A great approach to this is what Batista calls the ponytail method. Create an invisible ponytail with your hands and, using a wide tooth comb, start to detangle the end portion first. "You don’t want to take a comb and dig it into your scalp and hope and pray to God that the comb will glide through," he says. "You start at the end and work your way up to the scalp...make sure that you’re holding firmly to that hair so you’re causing the least amount of tension and stress to the root portion."   
Illustrated by Anna Sudit.
Prevention Is Key
While knots and snarls are pretty unavoidable, there are some practices you can keep in mind to help lessen the struggle. Anu Prestonia, the founder of natural hair salon Khamit Kinks mentions regular trims as an easy way to help keep your tangles at bay and split ends from traveling up the hair shaft. "Most people don’t realize that when the hair isn’t trimmed on a regular basis, it knots up at the end and tangles," she says. "But, once the hair is cut and blunt on the ends, it doesn’t.”
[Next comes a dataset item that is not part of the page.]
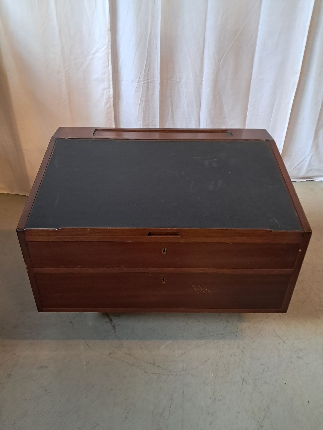 Skrivepult i fineret mahogni, fra 1950erne. Den har brugsspor. Højde 30cm Bredde 72cm Dybde 50cm Emne nummer: 76885

She suggests getting a minor cut at least once every season — so, every three months or so — to truly make a difference. "A lot of people are so concerned about length that, even when they have a trim, they don’t have enough taken off,” she adds. "So, it’s a waste of time and money. You really have to cut that dead hair off."

Another contributing factor to knots happens during the cleansing process, explains Batista. "A lot of women jump in the shower, they take the jug of shampoo, and start scrubbing [their hair] like it was a doormat that they were trying to get a stain out of," he mentions. "The reality is, you really should be shampooing your hair as if you were being filmed on television — focusing on the scalp, and letting the water and product run down your hair." This will help lessen the mount of tangles you experience in the long run, while allowing you to fulfill your hair commercial fantasies, because you know you have them. 

Last but not least, tangles also occur when the hair encounters friction. Kim Etheredge, one of the co-founders of Mixed Chicks, suggests pulling your hair into a pineapple style at night to avoid unneeded friction while sleeping. "If you take your hair and put it on the top of your head in a loose ponytail, it helps eliminate the excessive need for detangling," she says. "That way you’re just sleeping on the back of your hair, and not on your curls."
 She also notes that silk or satin bonnets and pillowcases can keep your curls in place and lessen tangles. 
Illustrated by Anna Sudit.
Patience, Patience, & More Patience
At the end of the day, detangling isn't something any of us truly enjoy doing. But, since natural hair is one of the most delicate textures, it's even more important to exercise the act of being patient while doing so. As I can tell you from experience, trying to go through the process in a rush is almost worse, and more damaging, than not doing it at all. As much as we'd like to hope and pray that it could be a one and done operation, it's not. It's important to keep in mind that it will take time. "I feel like sometimes we’re just rushing and we want to be efficient and we think ‘Ugh, this should only take five minutes,’ and in rushing you take shortcuts and you really can’t," warns Price. “If you don’t have the time, don’t wash it right now or don’t detangle it right now. Do it when you have that time to dedicate to it."

While you're slowly but surely working that comb through your hair and come across those inevitable knots, might we reiterate that conditioner is a natural girl’s best weapon. "If you have a knot in your hair. It can always be worked out with product," notes Etheredge. "It’s like the old tale of when you have gum in your hair. You can always work things out."